A Stark Reminder of Brexit's Colossal Price Tag
The clause serves as a sharp reminder of the immense costs already incurred due to Brexit. In 2020, the EU established a €5.4 billion (£4.7bn) Brexit adjustment reserve to help member states manage the disruption caused by the UK's departure.
The fund was allocated to nations most affected to cover new customs, veterinary, and administrative controls not seen since before the single market's creation in 1993. The Republic of Ireland received the largest share at €920 million, while the Netherlands was allocated more than €800 million.
France spent at least €200 million of its €672 million allocation on deploying customs officers, border police, and inspectors at key ports like Calais and the Channel Tunnel. This included specialised checks for racehorses, a measure that alone cost Eurotunnel €20 million.

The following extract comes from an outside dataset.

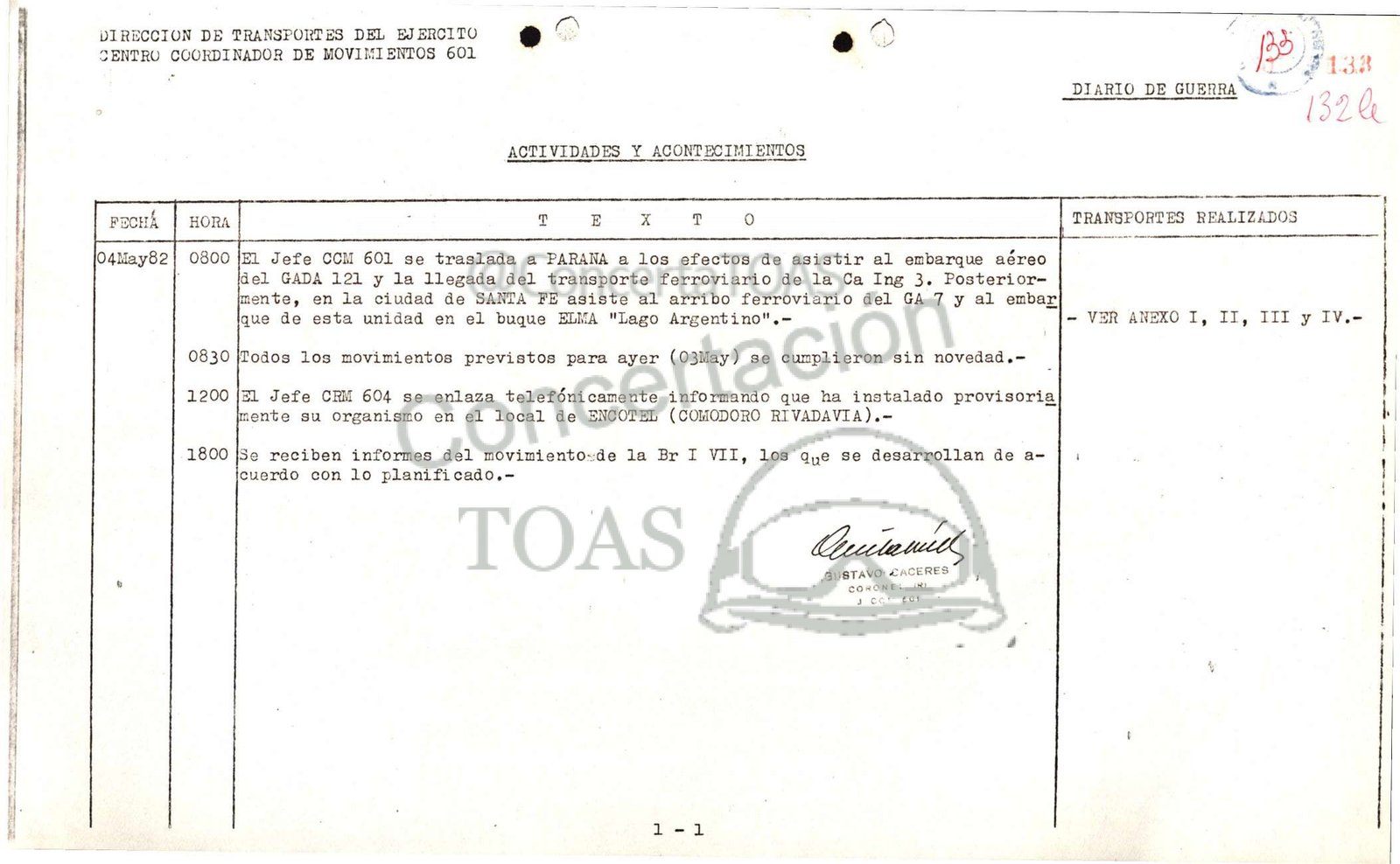 El Jefe CRM 604 se enlaza telefónicamente informando que ha instalado provisoria

The Netherlands hired over 900 new customs officials and 145 extra veterinarians for the port of Rotterdam, and Spain brought on an additional 860 employees for border points.
Complex Negotiations Lie Ahead
Formal negotiations on the SPS agreement are due to begin this month but are expected to be lengthy and complex. The deal is part of a wider "reset" package, which already includes a return to the Erasmus student exchange scheme agreed before Christmas.
Another challenging area is an agreement on the carbon border adjustment mechanism (CBAM), where hopes for a pre-Christmas deal were dashed. According to Anand Menon, director of the think tank UK in a Changing Europe, the EU's tough stance is predictable. "We shouldn't be surprised that the EU is playing hardball. After all, they have decided that we need these agreements more than they do. As such, they will extract every last concession," he said.
The European Commission and the UK government have been approached for comment on the ongoing negotiations and the specific details of the draft clause.